An interesting advantage of storing this state in a bucket is that everyone will share the same configuration. Moreover, if you are editing the state, Terraform will lock it so that no one else would be able to edit it at the same time.
- Navigate in your console into your
production
terraform folder and runterraform init
- Go in GCP and check that the bucket has a file
terraform.tfstate
which contains the terraform state
2. Import your database into Terraform
Now that Terraform is ready, we can add your database in its state.
- Create a
production/variables.tf
file :
variable "project_id" {}
- Create a
production/terraform.tfvars
file :
project_id = "your-project-id"
- In
production/main.tf
, add the database resource config :
resource "google_sql_database_instance" "your-database" {
project = var.project_id
name = "your-database"
database_version = "POSTGRES_9_6"
region = "europe-west1" settings {
tier = "db-custom-16-106496"
}
}
Here, I specified all the required fields of google_sql_database_instance
(see documentation) but also the project
field, as it is a good practice to be sure that your resource is going to be linked to the right project.
If you don’t know if these values are adapted to your database, don’t worry, Terraform won’t change the properties of your database without your consent!

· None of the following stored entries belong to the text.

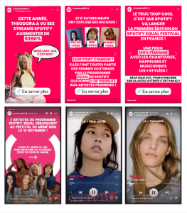 1 story Instagram dédiée, valorisant les artistes du Spotify EQUAL Festival
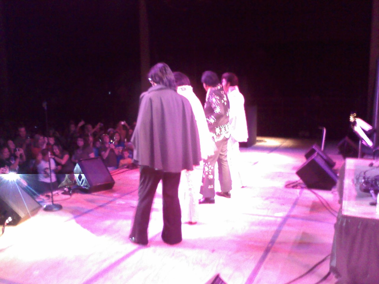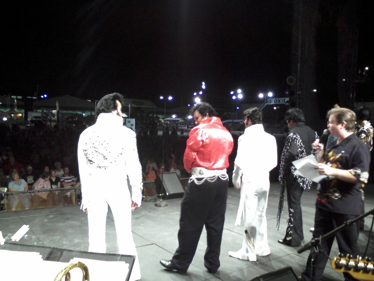 The week in question, we had one of these in Lubbock, Tx. Here's the Elvii all lined up again waiting to hear who won. Oddly enough, this is the only time I've been to Texas outside of an airport, including with other bands.
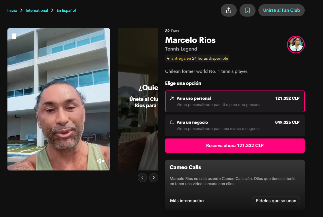 El ex tenista se sumó a la tendencia de algunos famosos chilenos y se unió a Cameo, la plataforma en la que se puede comprar saludos de distintos rostros.
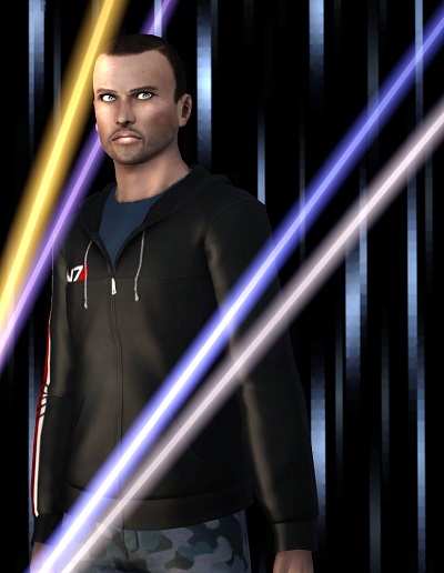Ő John Shepard karaktere a Mass Effectből a Sims 3-ban.
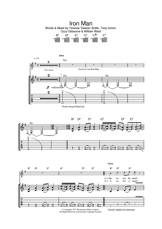 Digital Sheet Music for Iron Man by Bill Ward, Black Sabbath, Geezer Butler, Tony Iommi, Ozzy Osbourne scored for Guitar Tab; id:387833
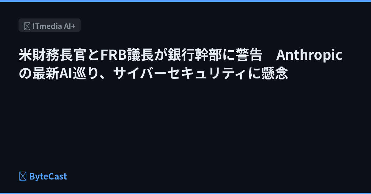 米財務長官とFRB議長が銀行幹部に警告 Anthropicの最新AI巡り、サイバーセキュリティに懸念
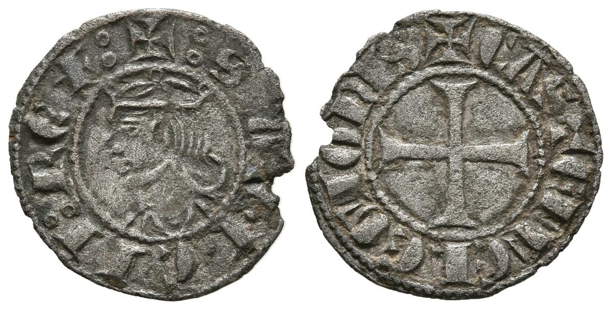 SANCHO IV (1284-1295). Seisen. (Ve. 0,64g/16mm). Sin marca de ceca. (FAB-No cita). Anv: Busto coronado a izquierda de Sancho IV, alrededor leyenda: + SANCII REX. Rev: Cruz patada sin marca de ceca en sus cuadrantes, alrededor leyenda: + CASTELLE E LEGIONIS. MBC+. Cospel faltado. Raro ejemplar sin marca de ceca.
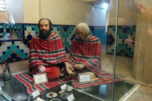 Hamamın içinde duvarlar belimize kadar mavi çini ile kaplı. Hamamın içinde Amir Kabir, hamamcı ve cellatların heykellerinin olduğu Amir Kabir’in [8] öldürülmesinin canlandırıldığı geniş bir alana sonra yine bir sürü koridor geçip Amir Kabir’in şehit edildiği yer yazan küçük bir küvetin olduğu alana geliniyor. Koridordan devam edince de bizim soğukluk dediğimiz alanlara geçiliyor. Sonrada diğer hamamdan dışarı çıkılıyor. Fin bahçesinden çıktığımızda kalabalık meydanda yeşil renkli belediye otobüsleri ile dış görünüşü bir kaleyi andıran üstü açık bir turist otobüsü vardı.

- In your terminal, navigate to the folder containing your files and import your database config into Terraform:
terraform import google_sql_database_instance.your-database projects/your-project-id/instances/your-sql-database-instance-name
This command will tell Terraform “the resource called google_sql_database_instance.your-database
that I have defined in main.tf
is linked to the real resource that you can find here: projects/your-project-id/instances/your-sql-database-instance-name
”.
- Let’s run
terraform plan
to check if there are any differences between the configuration we defined and your real database configuration - If there are, edit your configuration in
production/main.tf
. For instance, if the region of your database is in fact “us-east1” instead of “europe-west1”, change the value of theregion
field in your configuration. - Repeat the two previous steps until the command
terraform plan
displays: “No changes. Infrastructure is up-to-date.”

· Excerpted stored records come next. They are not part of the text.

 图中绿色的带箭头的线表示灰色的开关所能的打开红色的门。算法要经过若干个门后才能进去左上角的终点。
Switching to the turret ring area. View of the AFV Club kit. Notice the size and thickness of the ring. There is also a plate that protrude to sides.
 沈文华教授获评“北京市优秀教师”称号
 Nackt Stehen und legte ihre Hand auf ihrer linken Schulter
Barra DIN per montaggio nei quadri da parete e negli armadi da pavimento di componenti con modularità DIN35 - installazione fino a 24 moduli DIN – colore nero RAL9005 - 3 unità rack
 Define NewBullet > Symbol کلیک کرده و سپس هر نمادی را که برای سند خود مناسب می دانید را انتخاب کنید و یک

3. Create a GCP bucket to store your backups
- In the
terraform
folder, create a new foldermodules/db-backups
, so your architecture should look like this :
terraform/
modules/
db-backups/
production/
main.tf
variables.tf
terraform.tfvars
- In this
db-backups
folder, create a filemain.tf
:
resource "google_storage_bucket" "db-backups" {
project = var.project_id
name = "db-backups-${var.project_id}"
location = "EU"
storage_class = "MULTI_REGIONAL"
}
- Again, we will need a file
db-backups/variables.tf
:
variable "project_id" {}
- And a file
db-backups/terraform.tfvars
:
project_id = "your-project-id"
- Our module is now ready to be used! Go back in the
production/main.tf
and add your module :
module "db_backups" {
source = "../modules/db-backups"
project_id = var.project_id
}
- In your terminal, navigate to the production folder and run
terraform apply
(it first does the same asterraform plan
and then ask you if you want to apply your changes). You should see that Terraform wants to add a new bucket. Check that nothing else is going to be done, and if so, write “yes” and apply your changes. - Go in GCP: you should see a new bucket
db-backups
in your project, it is empty for now but we are soon going to fill it!

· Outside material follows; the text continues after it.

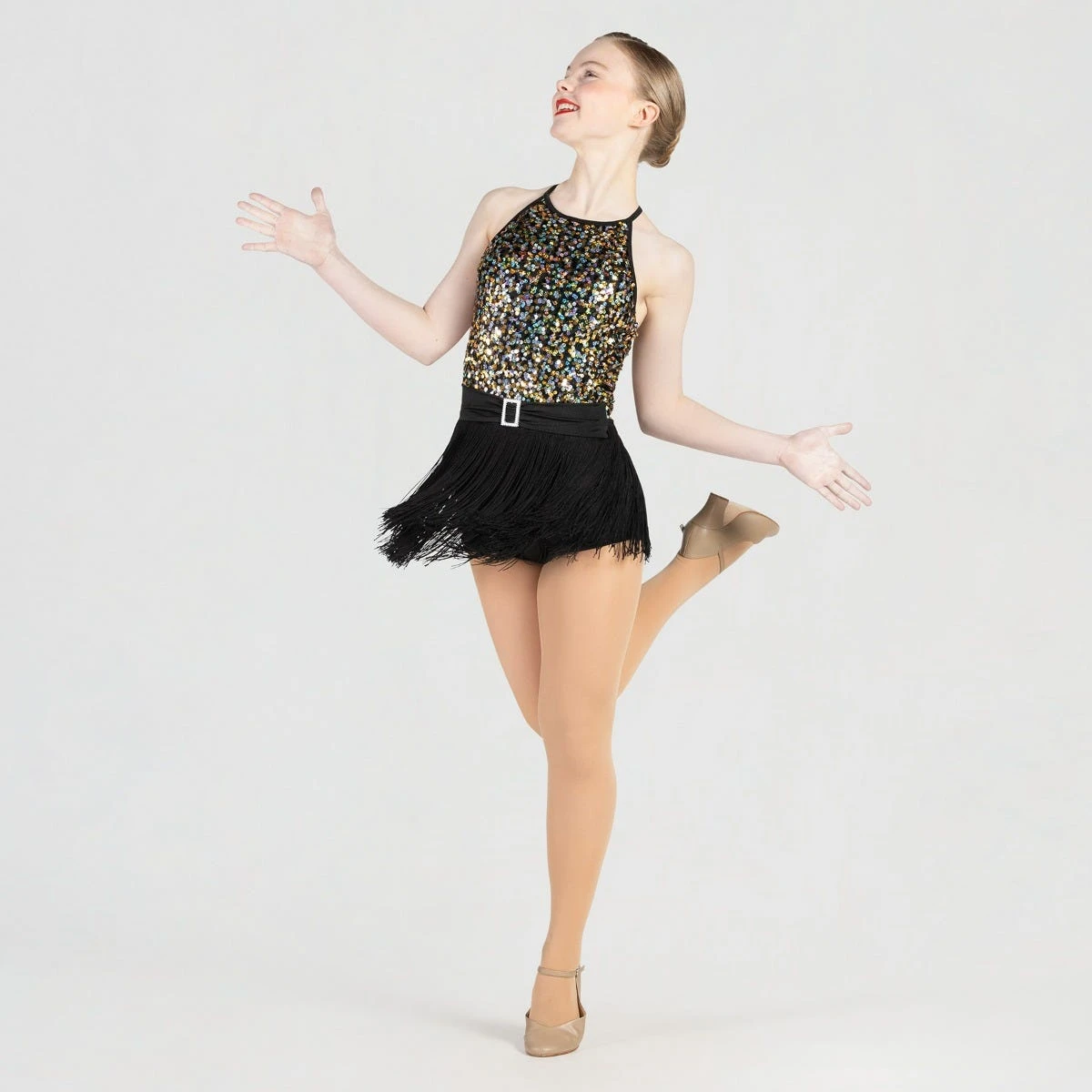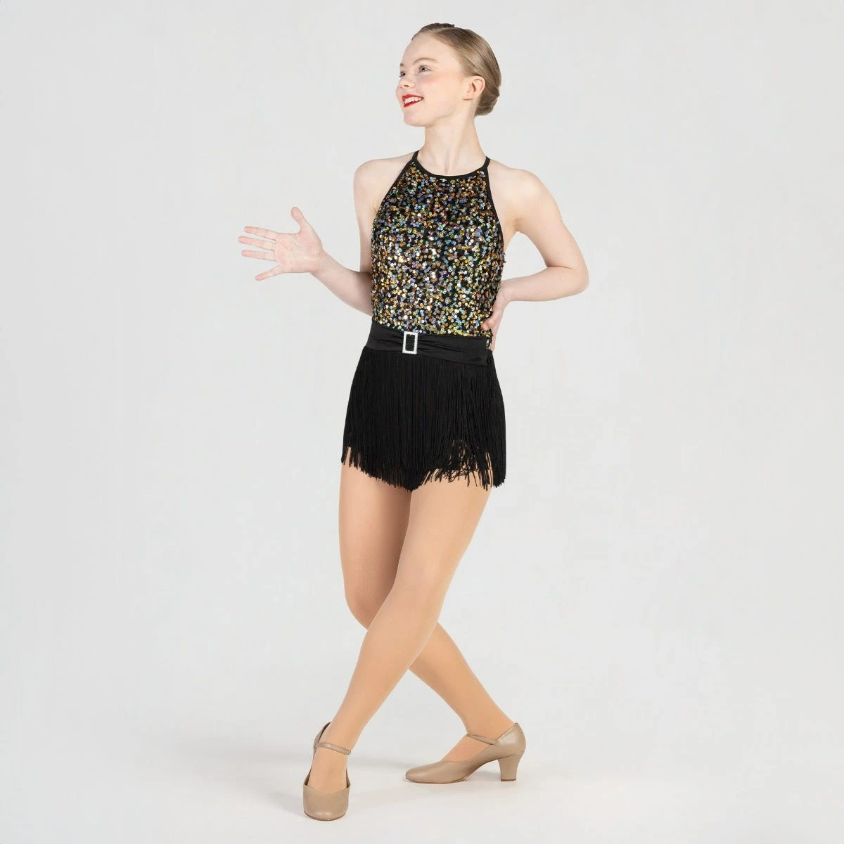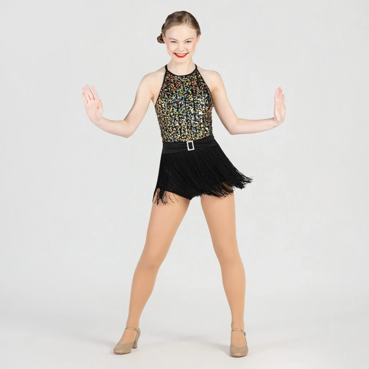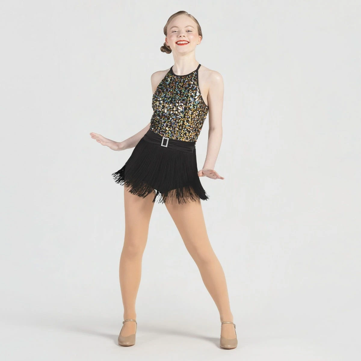 * Faites briller votre numéro dans cet académique à paillettes et jupe à franges

4. Create a cloud function to store a compressed dump of your database in this bucket
4.1 Create a zip file containing the code of your cloud function
- First of all, create a new folder inside
modules/db-backups/
namedbackupCloudFunction
- In there, create a new file
index.js
:
- And also, a
package.json
file:
{
"name": "export-database",
"version": "0.0.1",
"dependencies": {
"googleapis": "^39.2.0",
"google-auth-library": "3.1.2"
}
}
- Then, let’s create a zip with Terraform from those two files that we will call
backup.zip
:
data "archive_file" "backupZipFile" {
type = "zip"
output_path = "${path.module}/backupCloudFunction/backup.zip"source {
content = "${file("${path.module}/backupCloudFunction/index.js")}"
filename = "index.js"
}source {
content = "${file("${path.module}/backupCloudFunction/package.json")}"
filename = "package.json"
}
}
- Run
terraform apply
and check that thebackup.zip
file has been created - We are now going to create a resource to store the code of our cloud function in the
db-backups
bucket. In themain.tf
ofdb-backups
, add a new resource :
resource "google_storage_bucket_object" "archive" {
name = "cloudFunctions/backup-${lower(replace(base64encode(data.archive_file.backupZipFile.output_md5), "=", ""))}.zip"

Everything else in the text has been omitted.